Internal representation of the environment

Organisms are “evolved matter” whose form and function have been shaped by the environment that they have encountered. Compared to inorganic matter that reacts to external conditions in simple aimless ways, organisms exhibit far more complex responses to environmental stimuli, as seen in remarkable examples of morphological adaptations and behavioral strategies. These sophisticated responses reflect a knowledge of the environment that has been accumulated over the course of evolution as well as during individuals’ lifetime. Such knowledge can be described as an internal representation of the environment that organisms rely on to process information and react accordingly.

  • epigenetic inheritance and evolutionary learning

In the example of bet-hedging, a population benefits from phenotypic diversity if the distribution of phenotypes matches the variability of the environment. In this sense, the amount of diversity maintained in the population is a representation of the environmental statistics. To attain the optimal phenotype diversity, however, organisms must overcome an apparent mismatch in timescale: the individual lifespan is too short for gathering information about the environmental statistics. We proposed an “evolutionary learning” process, by which the phenotype distribution of the population can be dynamically adapted [ref]. It happens if each organism alters the phenotype distribution of its offspring to increase the frequency of its own phenotype, analogous to Hebbian learning in neuroscience. This process may be realized through various mechanisms of epigenetic inheritance, which are actively studied in biology.

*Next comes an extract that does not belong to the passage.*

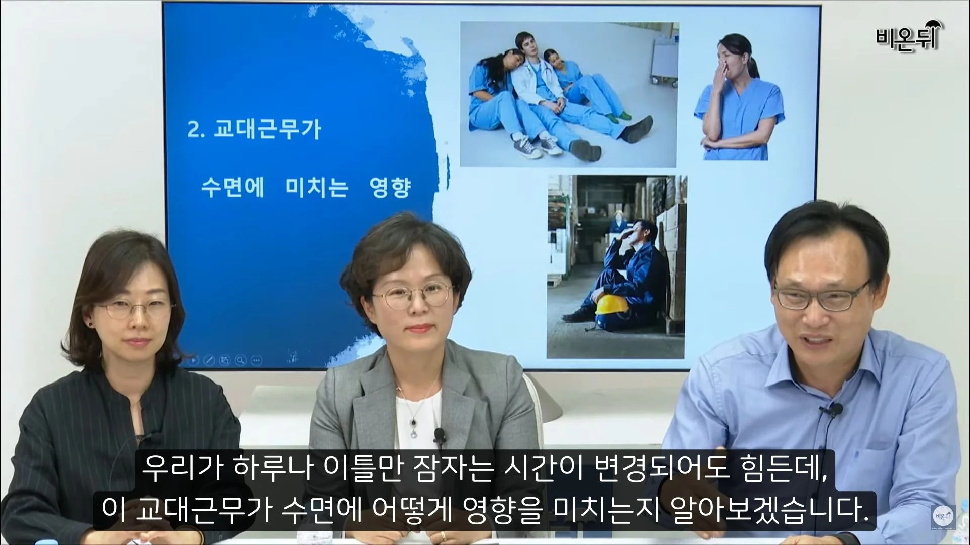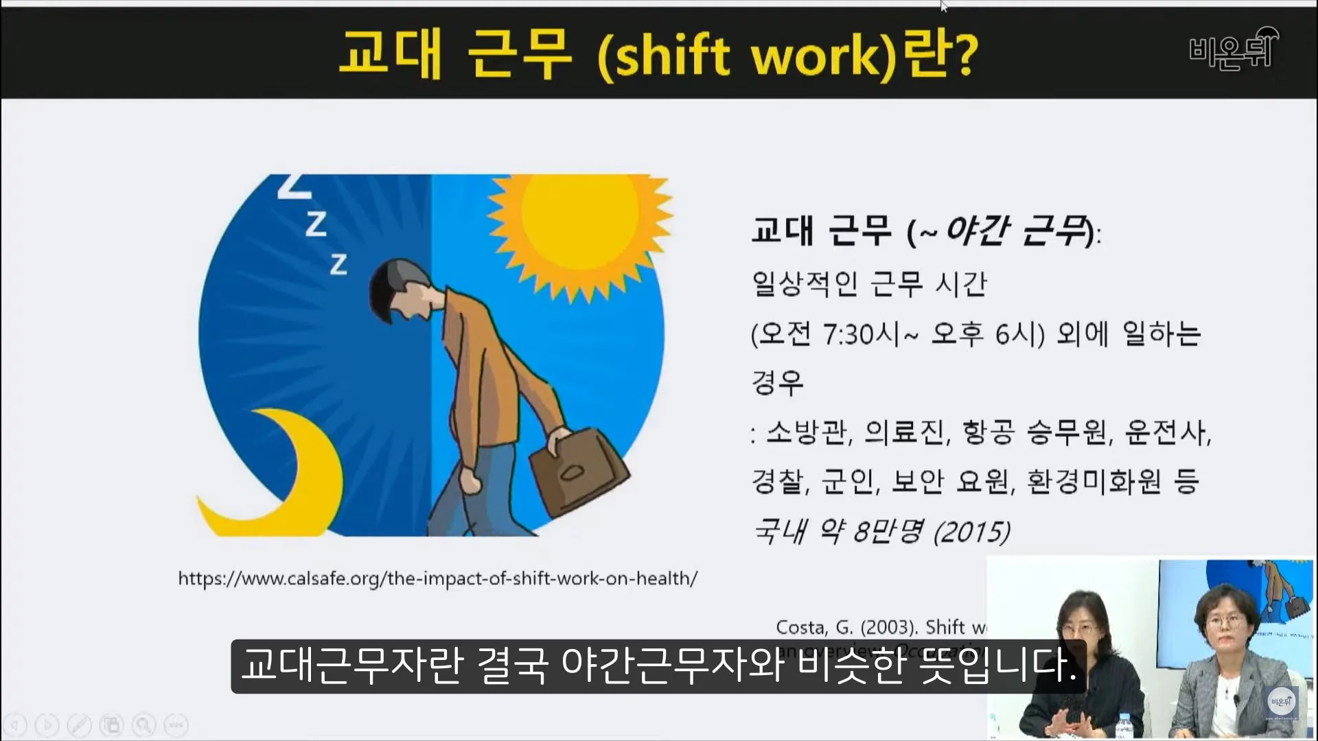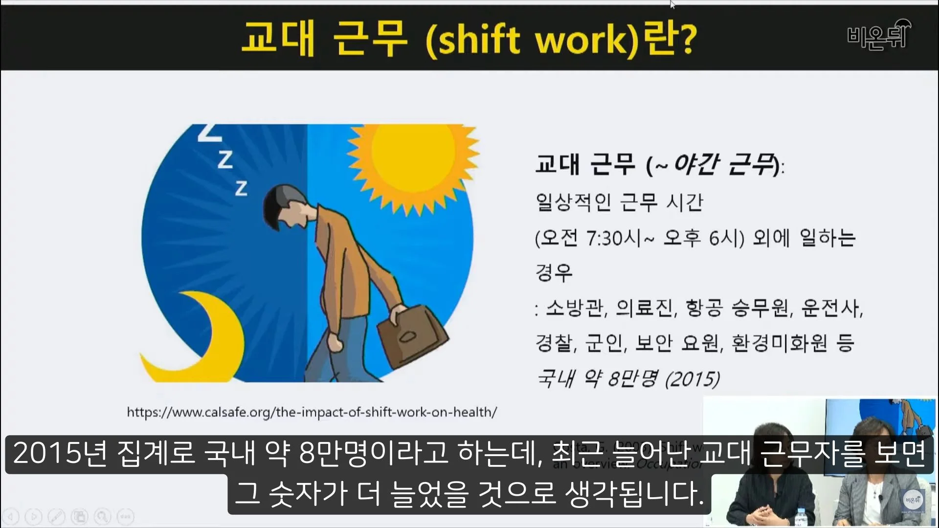 교대근무자란 일상적인 근무시간(오전 7:30~에서 오후 6:00)을 벗어난 시간에 일하는 사람들을 말합니다. 결국 야간 근무자와 비슷한 말인데요, 교대근무는 기본적으로 밤에 일하고 낮에 자야 해서 밤낮이 바뀌게 됩니다. 밤낮이 바뀌면 불면증같은 수면 장애는 물론이고 생체리듬이 교란되기 때문에 여러 질병이 유발될 가능성이 있습니다.

  • phenotypic plasticity and environment-to-phenotype mapping

Phenotypic plasticity is the ability of organisms to develop alternative phenotypes depending on environmental cues. It is an important aspect of evolution, because in such cases the environment plays not only a selective but also a formative role. We proposed to describe phenotypic plasticity by a mapping from environmental cues to phenotypic traits, which is an abstraction of many possible mechanisms for gene regulation. Using this “environment-to-phenotype mapping”, we showed that the evolutionary benefit of phenotypic plasticity is determined by the predictability of future environment at the time of development [ref]. Moreover, depending on the noise in environmental cues and the strength of natural selection, phenotypic plasticity can give rise to different strategies for adapting to varying environments, including “unvarying” (where organisms express a constant “generalist” phenotype), “tracking” (where organisms match phenotypes to the environment), and “bet-hedging” [ref].